Required action: Nothing in the data should change when you return it, but leave the pictures out.

Recorded information:

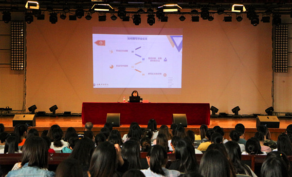 动员会后,李海燕就“如何撰写社科类毕业论文”进行专题报告,她围绕为什么要写毕业论文、怎样做好毕业论文等方面向全体毕业生做了深度解读。她从毕业论文选题、查阅文献和收集资料的方法、拟定写作提纲、撰写论文等方面做了详细介绍,要求学生运用正确的理论,具备良好的文献检索和整理分析能力,保持严谨的论证和卓越的学术精神,完成一篇高质量的毕业论文。同时,她也对论文的基本框架与格式要求进行了细致解读,要求学生做到条理清晰、结构完整、格式规范。
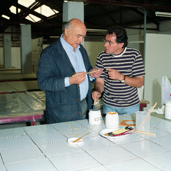 SAURA, Antonio (Pintor)Fidel Ferrando nace en Alcañiz (Teruel) el 15 de noviembre de 1955. Ceramista y químico. Cursa estudios, de 1974 a 1977, en la Escuela de Cerámica de Manises, Valencia. Desde 1977 vive en Alcañiz, Teruel. Comisario de exposiciones.Antonio Saura nace en Huesca el 22 de septiembre de 1930 y fallece en Cuenca, el 22 de julio de 1998. Pintor autodidacta y, al mismo tiempo, con publicaciones de imprescindible consulta. Comienza a pintar en 1948 con obra surrealista. En 1952 viaja a París. En 1957, con otros artistas, funda en Madrid el importante grupo El Paso. Viaja por diferentes países y reside en Cuenca. Cuadros, serigrafías dibujos y collages se impregnan de un personal estilo.
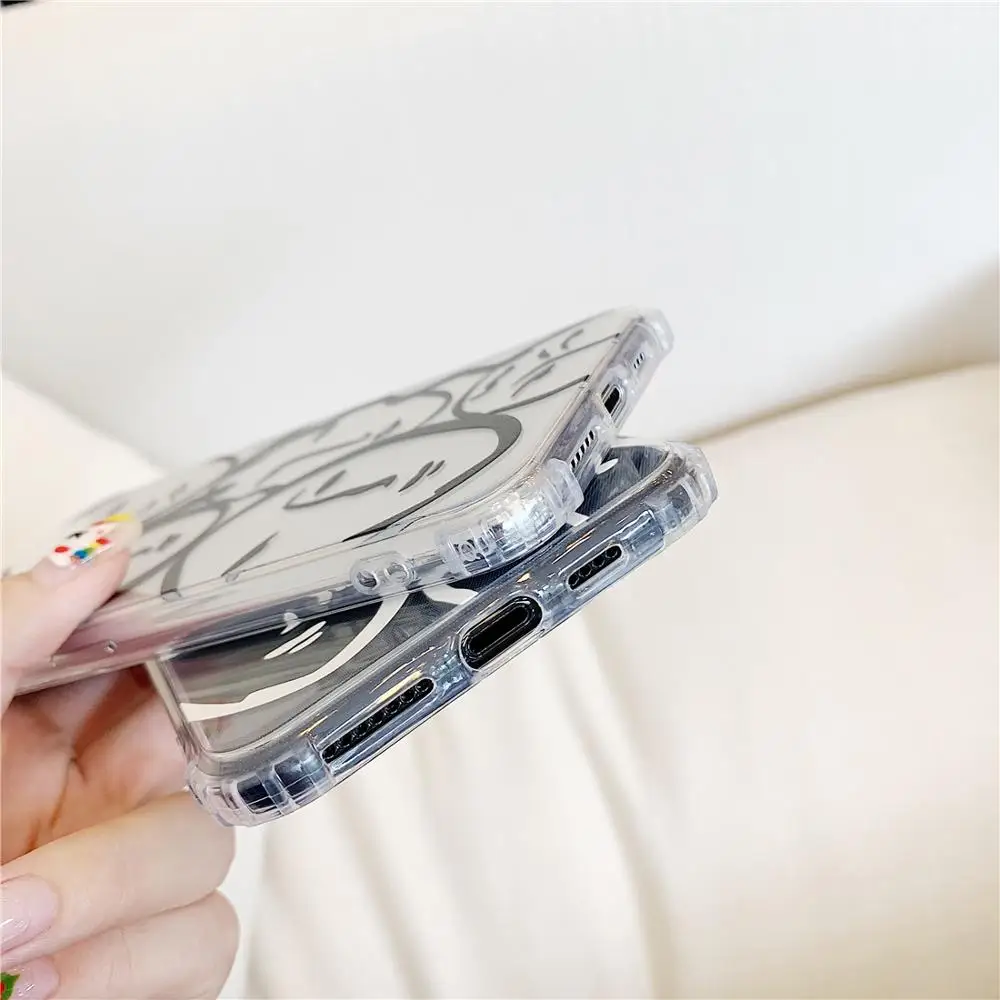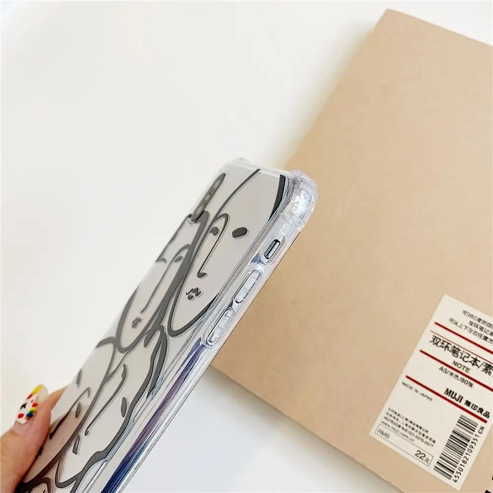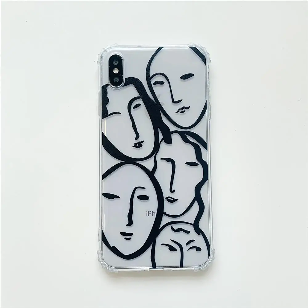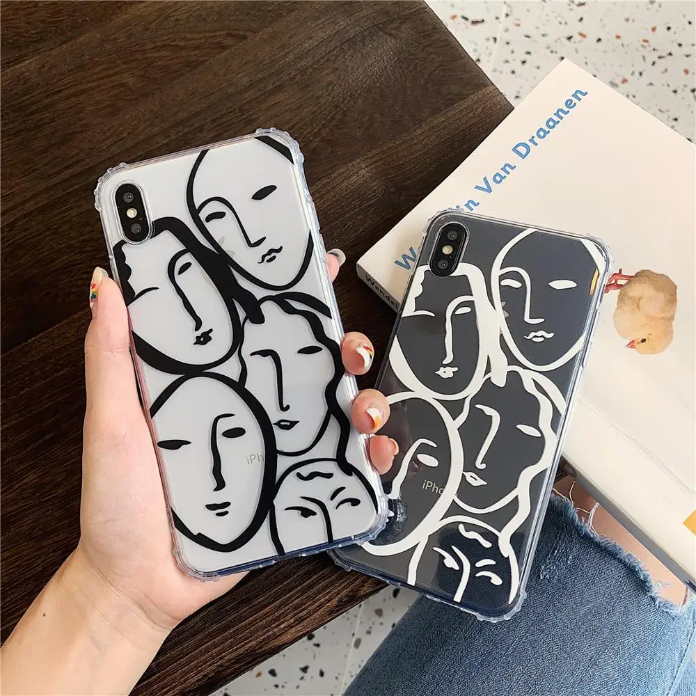 Promo Cute Lovely Girly Line Art Face Couple Transparent Phone Cases For iPhone 8 7 6 6s Plus X XS 11 Pro

Result of the exercise:
 动员会后,李海燕就“如何撰写社科类毕业论文”进行专题报告,她围绕为什么要写毕业论文、怎样做好毕业论文等方面向全体毕业生做了深度解读。她从毕业论文选题、查阅文献和收集资料的方法、拟定写作提纲、撰写论文等方面做了详细介绍,要求学生运用正确的理论,具备良好的文献检索和整理分析能力,保持严谨的论证和卓越的学术精神,完成一篇高质量的毕业论文。同时,她也对论文的基本框架与格式要求进行了细致解读,要求学生做到条理清晰、结构完整、格式规范。
 SAURA, Antonio (Pintor)Fidel Ferrando nace en Alcañiz (Teruel) el 15 de noviembre de 1955. Ceramista y químico. Cursa estudios, de 1974 a 1977, en la Escuela de Cerámica de Manises, Valencia. Desde 1977 vive en Alcañiz, Teruel. Comisario de exposiciones.Antonio Saura nace en Huesca el 22 de septiembre de 1930 y fallece en Cuenca, el 22 de julio de 1998. Pintor autodidacta y, al mismo tiempo, con publicaciones de imprescindible consulta. Comienza a pintar en 1948 con obra surrealista. En 1952 viaja a París. En 1957, con otros artistas, funda en Madrid el importante grupo El Paso. Viaja por diferentes países y reside en Cuenca. Cuadros, serigrafías dibujos y collages se impregnan de un personal estilo.
 Promo Cute Lovely Girly Line Art Face Couple Transparent Phone Cases For iPhone 8 7 6 6s Plus X XS 11 Pro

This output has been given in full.